Sadly, just as in Atlantic City, a destination casino will not be a positive factor for Miami. On the contrary, just as in Atlantic City, a destination casino will destroy the very fabric of the downtown community, its immediate neighbors and for miles around. Restaurants and hotels as close as the Beach and as far away as Coral Gables will suffer. Studies done in Atlantic City and Las Vegas bear this out. In addition, the social ills that accompany a destination casino will surely also follow — crime, prostitution, drugs, human trafficking, bankruptcies, etc.

According to Spectrum Gaming Group, an independent research firm:
• 95 percent of casino patrons would be Floridians.
• Gambling over saturation has made it less of an attraction to visitors and has
• Required taxpayer bailouts of America’s newest “integrated destination resort” the Revel in Atlantic City.
• There is no demonstrated public appetite for more gambling.
• Florida is low in gambling per capita, which is why the industry wants in.
• Casino gambling and family-friendly tourism brands are incompatible.

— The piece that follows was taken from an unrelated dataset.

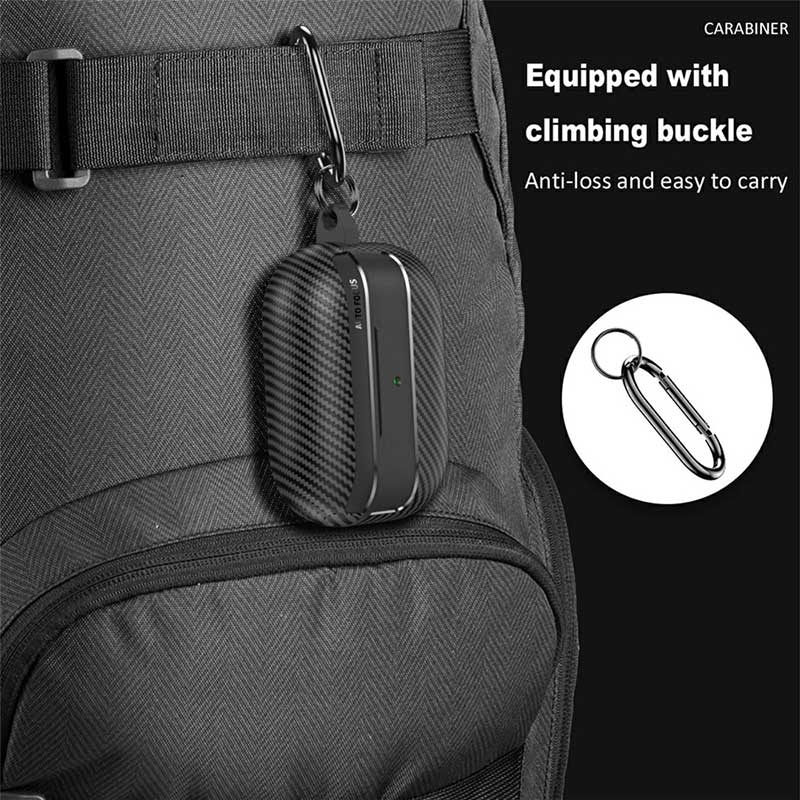 Det stötabsorberande materialet med kolfiberstruktur ger ett väsentligt skydd mot fall och stötar till dina hörlurar och dess laddningsfodral, samtidigt som det ger en ny cool look. Detta skal till AirPods Pro 3 kommer med en praktisk karbinhake för säkrare bärning.
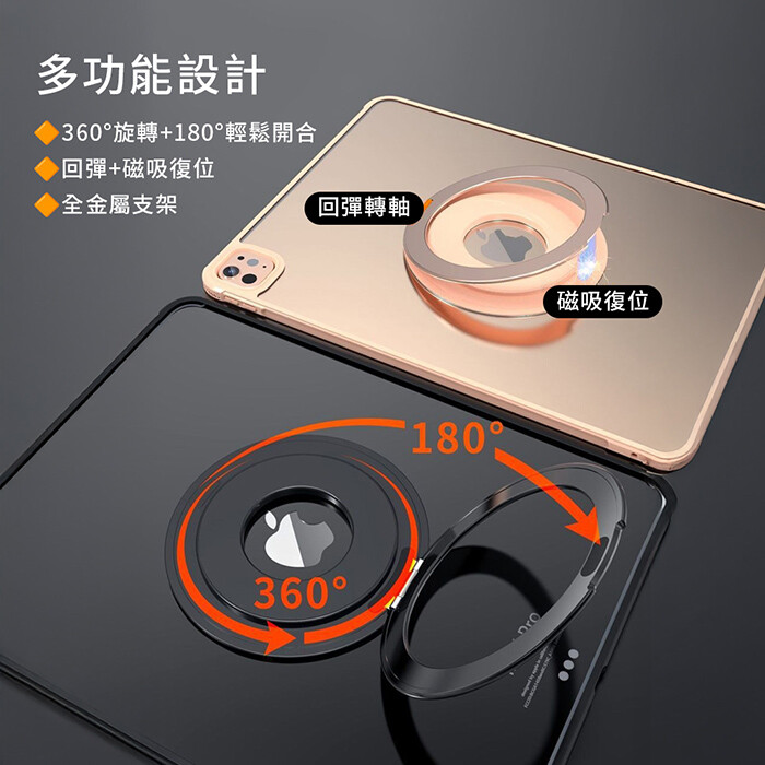 ➣回彈轉軸+磁吸復位,180°輕鬆開合

When I came to Florida in the early 1970s as Governor Reubin Askew’s counsel on organized crime, I learned a lot about governance first hand. What has always guided me in my career as a lawyer and now as an elected official was Askew’s admonition to “do the right thing.” The “right thing” for Miami is to reject the siren song of destination casinos.

It is time for our government leaders to join Pinecrest and speak out against a destination casino in Miami as the Village Council did by resolution in February, and for our civic leaders to join with the Florida Chamber of Commerce and the Walt Disney Company to fight this threat to our quality of life in South Florida.